# WORK ITEM
The listing below holds pictures; exclude them. Return exactly the lines from the one with "학습 초반에는 가중치가" through the one with "На рубеже 2017-2018".

# DATA SHOWN
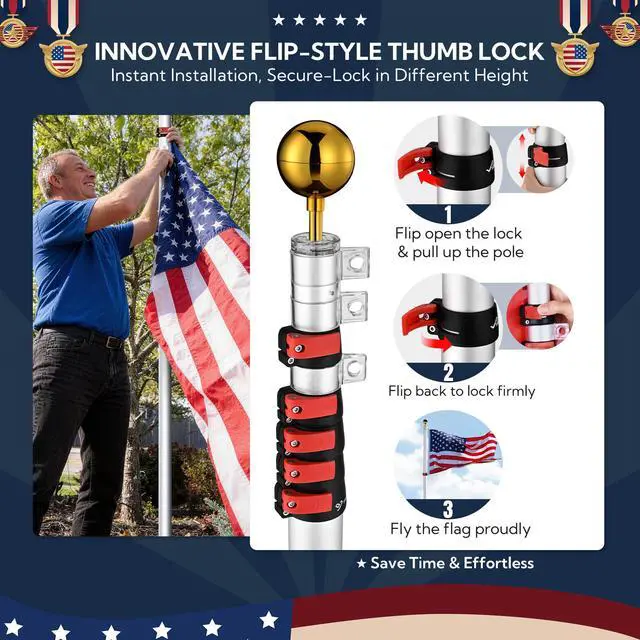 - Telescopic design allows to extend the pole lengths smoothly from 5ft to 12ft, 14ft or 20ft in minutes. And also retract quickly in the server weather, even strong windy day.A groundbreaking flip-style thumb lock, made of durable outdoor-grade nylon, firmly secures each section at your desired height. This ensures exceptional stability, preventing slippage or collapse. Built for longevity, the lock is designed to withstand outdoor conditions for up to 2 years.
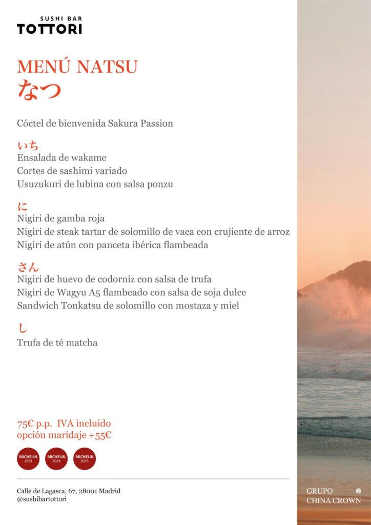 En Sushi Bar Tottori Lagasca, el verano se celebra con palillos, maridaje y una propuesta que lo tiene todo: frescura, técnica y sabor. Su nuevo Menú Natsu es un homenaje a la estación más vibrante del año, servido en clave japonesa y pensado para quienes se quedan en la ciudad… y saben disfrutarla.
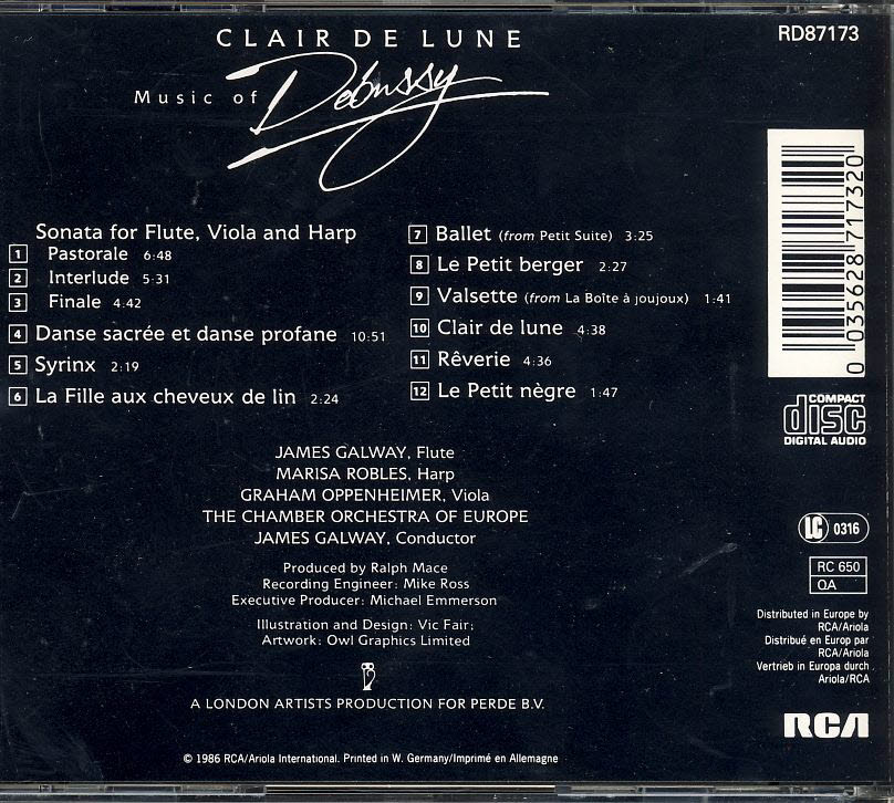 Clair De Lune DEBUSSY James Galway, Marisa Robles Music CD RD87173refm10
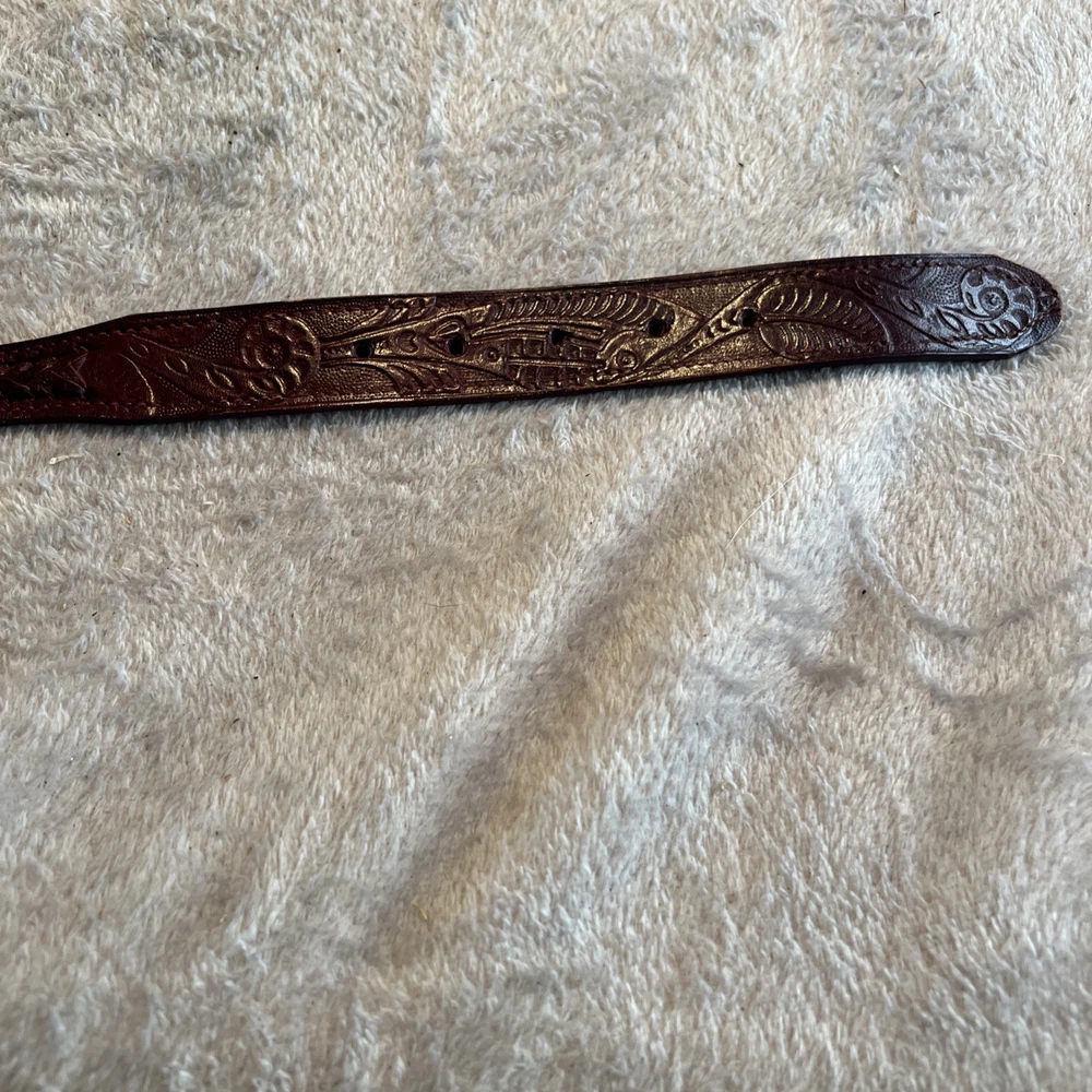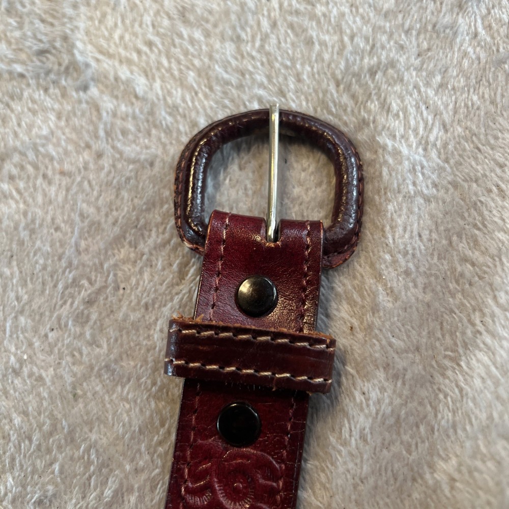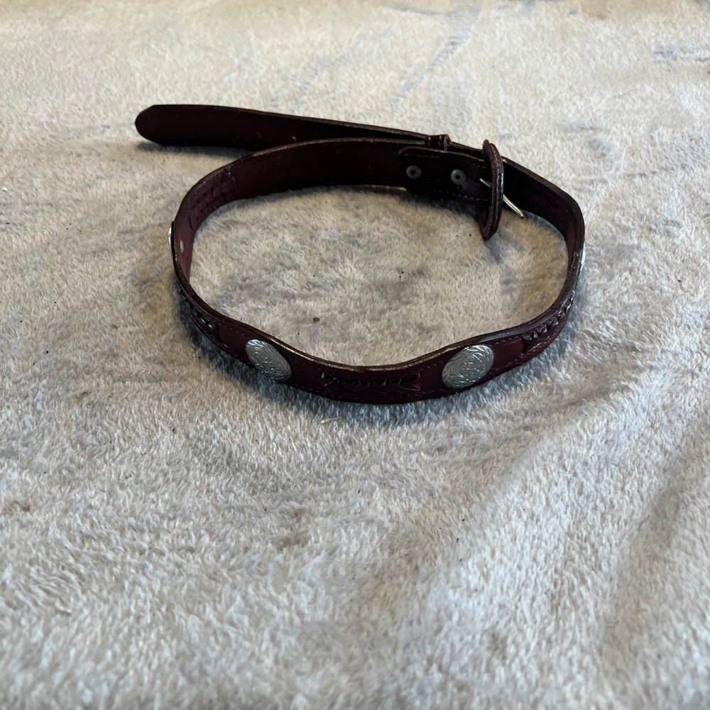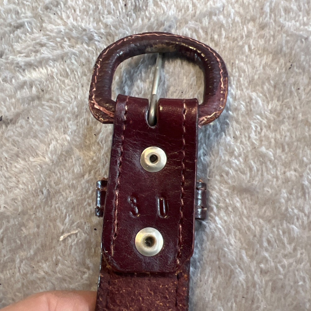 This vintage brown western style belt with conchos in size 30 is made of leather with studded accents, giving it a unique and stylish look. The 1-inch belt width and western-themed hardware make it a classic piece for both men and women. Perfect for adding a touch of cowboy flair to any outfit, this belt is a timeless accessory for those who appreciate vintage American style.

--

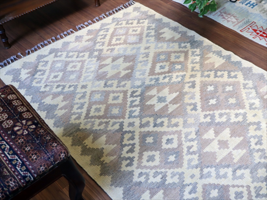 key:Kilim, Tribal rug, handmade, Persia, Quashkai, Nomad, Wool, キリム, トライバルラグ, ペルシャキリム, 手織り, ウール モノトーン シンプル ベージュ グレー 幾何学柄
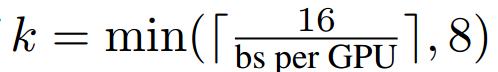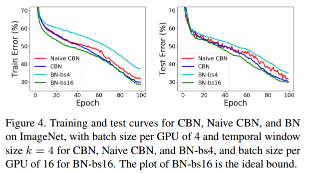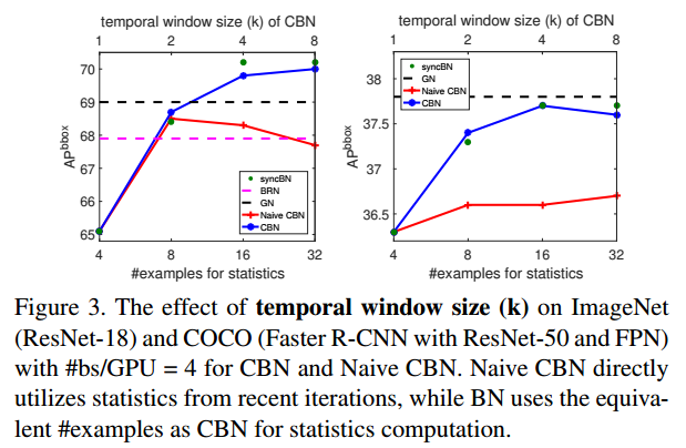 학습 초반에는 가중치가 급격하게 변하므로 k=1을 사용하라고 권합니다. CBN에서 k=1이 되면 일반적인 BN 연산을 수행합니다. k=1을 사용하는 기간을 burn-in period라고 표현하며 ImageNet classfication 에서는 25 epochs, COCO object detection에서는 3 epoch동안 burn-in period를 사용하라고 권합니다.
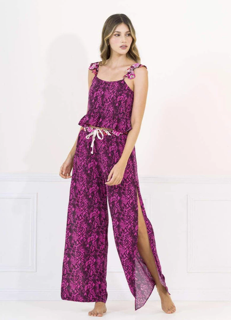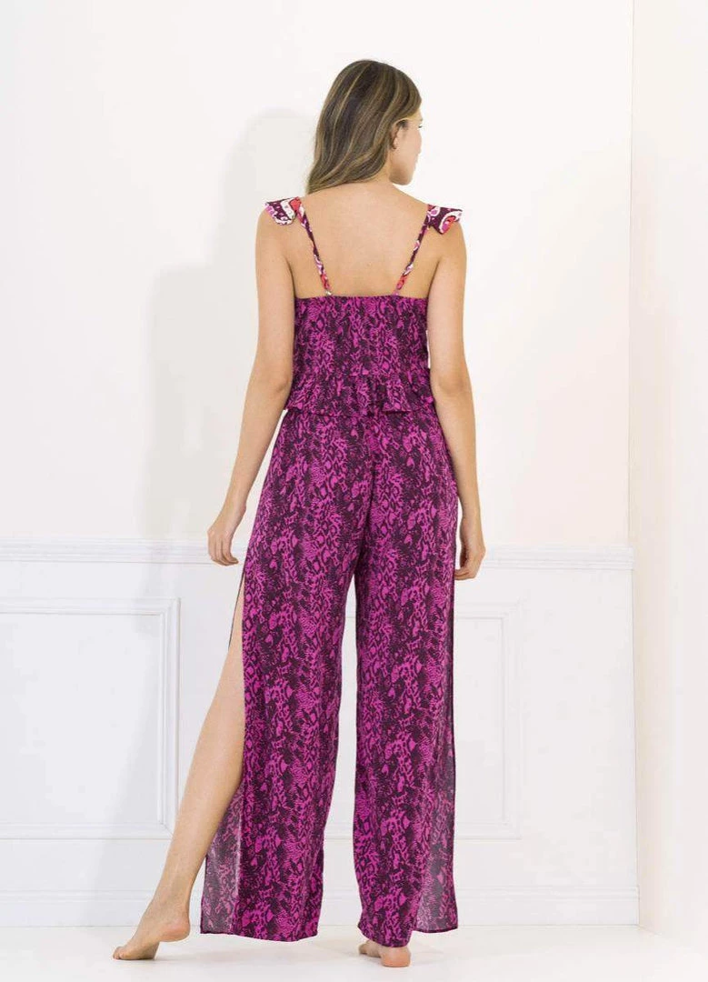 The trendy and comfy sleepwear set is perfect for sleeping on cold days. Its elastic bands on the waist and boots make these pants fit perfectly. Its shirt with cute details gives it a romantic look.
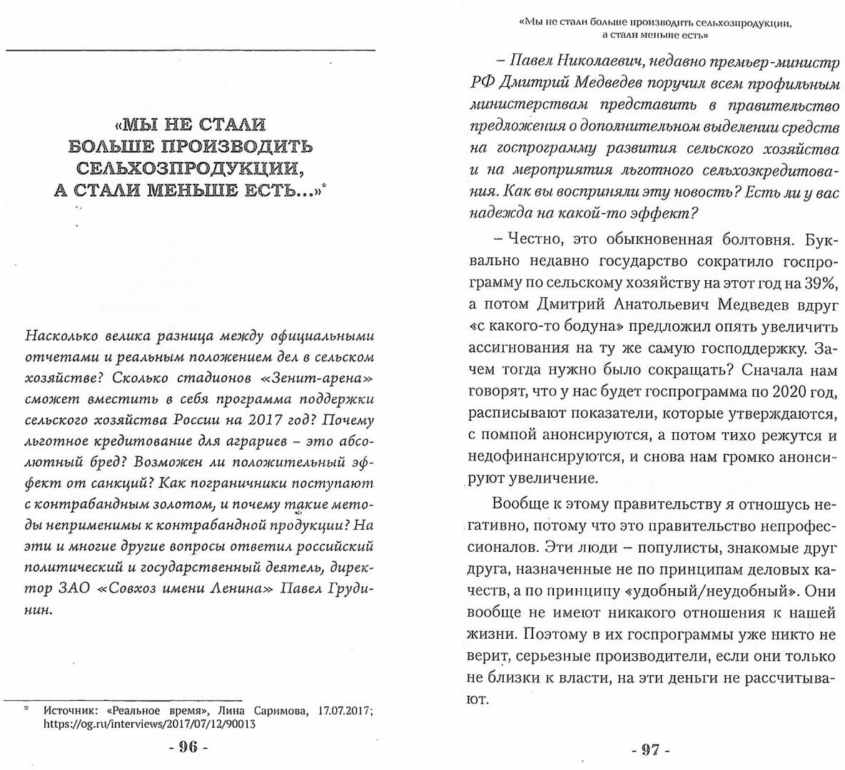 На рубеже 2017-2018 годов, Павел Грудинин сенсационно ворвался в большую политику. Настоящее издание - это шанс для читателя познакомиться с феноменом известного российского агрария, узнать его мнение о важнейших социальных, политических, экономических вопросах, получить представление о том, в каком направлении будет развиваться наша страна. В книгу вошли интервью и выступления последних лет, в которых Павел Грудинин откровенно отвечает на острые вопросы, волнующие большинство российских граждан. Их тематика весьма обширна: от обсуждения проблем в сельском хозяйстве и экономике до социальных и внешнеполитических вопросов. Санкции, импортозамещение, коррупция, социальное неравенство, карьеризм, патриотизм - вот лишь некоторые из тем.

...

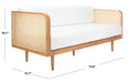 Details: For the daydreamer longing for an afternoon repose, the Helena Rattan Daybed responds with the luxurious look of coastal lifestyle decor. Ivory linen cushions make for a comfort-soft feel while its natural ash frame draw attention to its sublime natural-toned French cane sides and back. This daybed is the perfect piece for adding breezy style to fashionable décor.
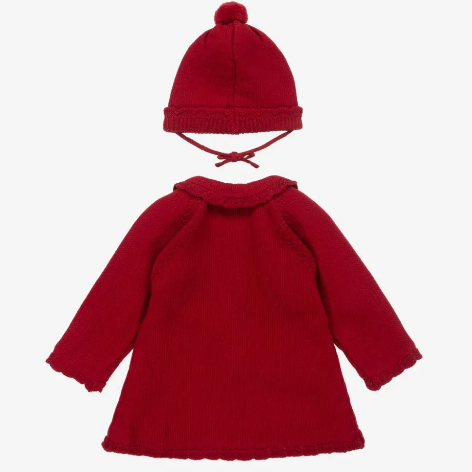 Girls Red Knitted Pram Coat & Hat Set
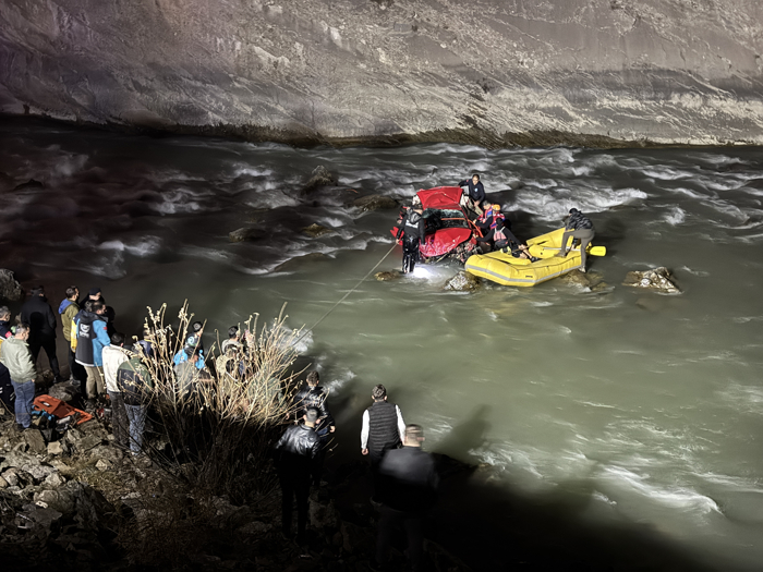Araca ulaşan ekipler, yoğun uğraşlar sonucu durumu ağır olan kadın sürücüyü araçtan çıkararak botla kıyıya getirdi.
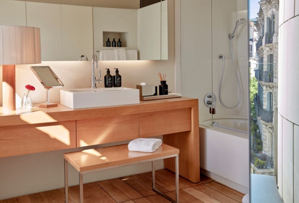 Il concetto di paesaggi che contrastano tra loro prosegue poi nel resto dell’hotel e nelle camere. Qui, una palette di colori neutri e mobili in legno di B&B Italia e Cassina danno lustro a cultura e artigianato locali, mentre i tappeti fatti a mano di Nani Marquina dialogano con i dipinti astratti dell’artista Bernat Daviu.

# SOLUTION
 학습 초반에는 가중치가 급격하게 변하므로 k=1을 사용하라고 권합니다. CBN에서 k=1이 되면 일반적인 BN 연산을 수행합니다. k=1을 사용하는 기간을 burn-in period라고 표현하며 ImageNet classfication 에서는 25 epochs, COCO object detection에서는 3 epoch동안 burn-in period를 사용하라고 권합니다.
 The trendy and comfy sleepwear set is perfect for sleeping on cold days. Its elastic bands on the waist and boots make these pants fit perfectly. Its shirt with cute details gives it a romantic look.
 На рубеже 2017-2018 годов, Павел Грудинин сенсационно ворвался в большую политику. Настоящее издание - это шанс для читателя познакомиться с феноменом известного российского агрария, узнать его мнение о важнейших социальных, политических, экономических вопросах, получить представление о том, в каком направлении будет развиваться наша страна. В книгу вошли интервью и выступления последних лет, в которых Павел Грудинин откровенно отвечает на острые вопросы, волнующие большинство российских граждан. Их тематика весьма обширна: от обсуждения проблем в сельском хозяйстве и экономике до социальных и внешнеполитических вопросов. Санкции, импортозамещение, коррупция, социальное неравенство, карьеризм, патриотизм - вот лишь некоторые из тем.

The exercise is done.